My girlfriend and I have been dating for just over 2 years. I am 24, she is 30. In some ways we are mature for our age and others not. We are both career-driven, each make 100K+, and have no debt. 

She's started pressing me to get married recently. A lot of her friends are married, so I think she feels pressure from family & friends to tie the knot. The first time she mentioned this was about a month ago. She had a few glasses of wine, started crying and saying she wanted to get married. It's been incessant ever since. 

I've never met anybody that I click with as well as her. I know that I would be happy with her for the rest of my life. I love everything about her. Even though I mostly feel that she is the best woman I'll ever meet, I'm still curious about what else is out there. I've had plenty of girlfriends, but this has been my first serious relationship. In my perfect world, we would take a break for a year before getting married, but I doubt that is an option in her timeline.

To complicate things even further..... Last weekend my friend was in town and dragged me out to the bars. I wound up sleeping with a random girl on Friday night, and a different random girl on Saturday night.

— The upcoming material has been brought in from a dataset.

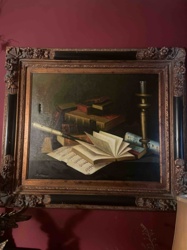Antiquarian Still Life Oil Painting with Books and Musical Scores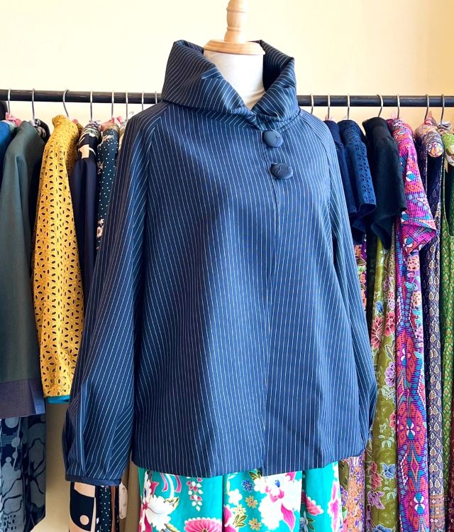 セミオーダーでお作りしたジャケットです。 仕事のシーンで使うということで ピンストライプの紳士生地を 使いました。裏地には派手過ぎない...

On both nights, in my drunken stupor I rationalized my decisions as a "last dance", but now I just feel terribly guilty and even more confused about what to do. This weekend I definitely realized that I miss being single and carefree, but I also realized how much better my girlfriend is than bar-chicks. 

Advice?


----------



## okeydokie (Sep 10, 2008)

sorry man, your not ready for marriage, or a serious relationship. you have wild oats to sow. i understand, i really do, but dont marry this girl. as a matter of fact, im not sure how guilty you actually feel which tells me alot. im not ragging on you, just trying to be honest


----------



## ScaredandUnsure (Nov 17, 2011)

Do her a favor and tell her what you've done. Don't have sex with her before you can get an STD test done. It's unfair to risk her health because of your "sowing". Leave her to find someone who won't cheat on her.


----------



## Batman64 (Nov 25, 2011)

Wow, you don't need to be getting married. If you wanted her for every moment of your life after having been with so many women before, you would not have had any desire to be with those other women on that weekend. Step back and reflect on where you've been and where you want to be. And if you don't know, wait until you do.:scratchhead:


----------



## Mistys dad (Dec 2, 2011)

At 30 she is thinking future, kids, house, career, family, long term.

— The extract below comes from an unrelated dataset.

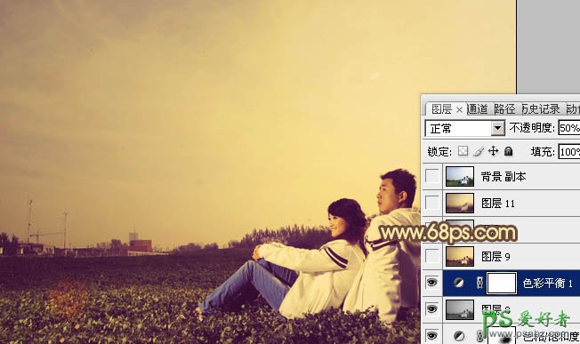 photoshop调出金色夕阳下浪漫情侣外景图片特效

At 24 and banging bar skanks you are thinking something completely different.

Let her go. Don't be selfish. Then realize that she will most likely be the one you wanted to be with. But, you won't know that for a few years.


----------



## synthetic (Jan 5, 2012)

- Don't tell her what you did.
- Propose to marry her
- Cheat on her every few months
- Have kids with her
- Have affairs with younger chicks until she finds out
- Get divorced
- Repeat the cycle with someone else


That's what most people do.

Are you like most people?


----------



## sinnister (Dec 5, 2010)

Already stated but you're not remotely close to marriage material yet.

And she's not the one for you or you would have taken the marriage hint a long time ago.

Let her loose.


----------



## cam44 (Feb 10, 2012)

There is no question you are not ready to marry this girl. Be fair with her and END IT. IMO you should not tell her what you just did with the girls on the weekend because the purpose in that would be for you to get it off your chest so that YOU feel better, but would tear her apart. Tell her you KNOW you are not ready for marriage without telling her HOW you know, and let her find a man that is at the same stage in life as she is. And no you don't deserve to sleep with her again.


----------